Of course, we should be cognisant of our patients’ risks, and advocate to them for their holistic care. When there’s a workforce shortage, though, it’s hard to argue that we should be regularly spending extra appointments with these patients covering this ground.

I’d suggest there are three things that need to be targeted, systems that need to be changed if we are going to make real progress – action that goes beyond individual responsibility.

First, maybe we need to think about how we can improve workflows with effective clinician networks. We are already delegating some responsibilities, or at least often do – blood tests in stable patients between follow-up appointments, for example. We sometimes try to do the same for vaccinations and cardiovascular risk factor management to our general practitioner colleagues, but we’re very bad at doing it, at least compared to others – our instructions are vague and not enforced in the psyche we imprint on medical students.

Wouldn’t it be better if generalists knew that rheumatoid arthritis conferred similar cardiovascular risk to diabetes, and had clear and accessible guidance as to what monitoring was required? If they knew the influenza risk that RA conferred as a medical student, they probably would be proactive in making this happen – because they are masters at preventative medicine. If we could empower them with consistent, standardised guidance, we would likely find willing friends.

It might be that we find it too complicated ourselves, or outside our standard scope. Should we be like the orthopaedic surgeons, who recognised what they were good at, knew they would always be valued for that, and (in orthogeriatricians) found others who could embrace the rest? They empowered an oversupplied speciality, for mutual benefit. In the covid-normal world, maybe a yearly referral to an immunosuppression infection disease physician for vaccinations, formal action plans in the case of infections (both covid and general), and occupational infectious diseases advice might be a correlate?

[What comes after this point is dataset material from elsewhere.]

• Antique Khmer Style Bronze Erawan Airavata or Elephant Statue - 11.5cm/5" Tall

As physicians, we want to do everything a physician can do, but maybe pragmatically we might be better to co-opt in help – help that would not replace us, but that would enhance us. While my instinct resists this, there is a strong logical argument for it.

Secondly, patient engagement is critical. Not infrequently I find that patients who I have spent time discussing the critical utility of blood tests to, and have walked to the neighbouring pathology collection centre myself, still do not have those blood tests done. Our patients will not always do exactly as they are told, especially when diverse backgrounds are in play. As we have seen in the wake of Shane Warne’s death and the flood of cardiovascular checks that have flowed on, patients often need the right motivation to act. Our patients, who frequently believe their arthritis stops at their joints, rarely appreciate their cardiovascular risks, even as the general population gets engaged by effective health promotion with simple and consistent messaging. Perhaps we need our own campaigns, using all the tools of health promotion.

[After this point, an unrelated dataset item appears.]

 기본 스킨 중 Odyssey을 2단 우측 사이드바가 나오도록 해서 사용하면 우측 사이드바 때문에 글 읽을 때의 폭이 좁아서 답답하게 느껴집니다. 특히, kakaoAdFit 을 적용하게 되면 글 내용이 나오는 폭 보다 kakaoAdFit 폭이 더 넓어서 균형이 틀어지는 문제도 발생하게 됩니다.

Finally, our information systems, their linkages, and our capacity to communicate with them are failing. When the winter booster was announced by the government in the face of a covid wave, how did you generate a list of all the patients eligible, and let them know rapidly that they were? How did you message those eligible for antivirals to tell them that they were, without spamming others? I had no easy way at all, and most of us would have been limited to getting a list of patients on a certain medicine – no real capacity to filter on the basis of their vaccination status, or laboratory tests, or comorbidities. In an era where my supermarket, bank and telco have me profiled in excruciating detail and have no difficulty in targeting communications to me, we theoretically have access to far more intimate detail but have no way of harnessing it. Systems can do better.

Individual responsibility might be part of it, but pragmatically we can’t navigate a rapidly changing, complex world without better systems, built on the lessons of covid. If we fail to take this opportunity that covid has opened up, then the fallibilities of our stretched workflows will mean we accept worse for our patients.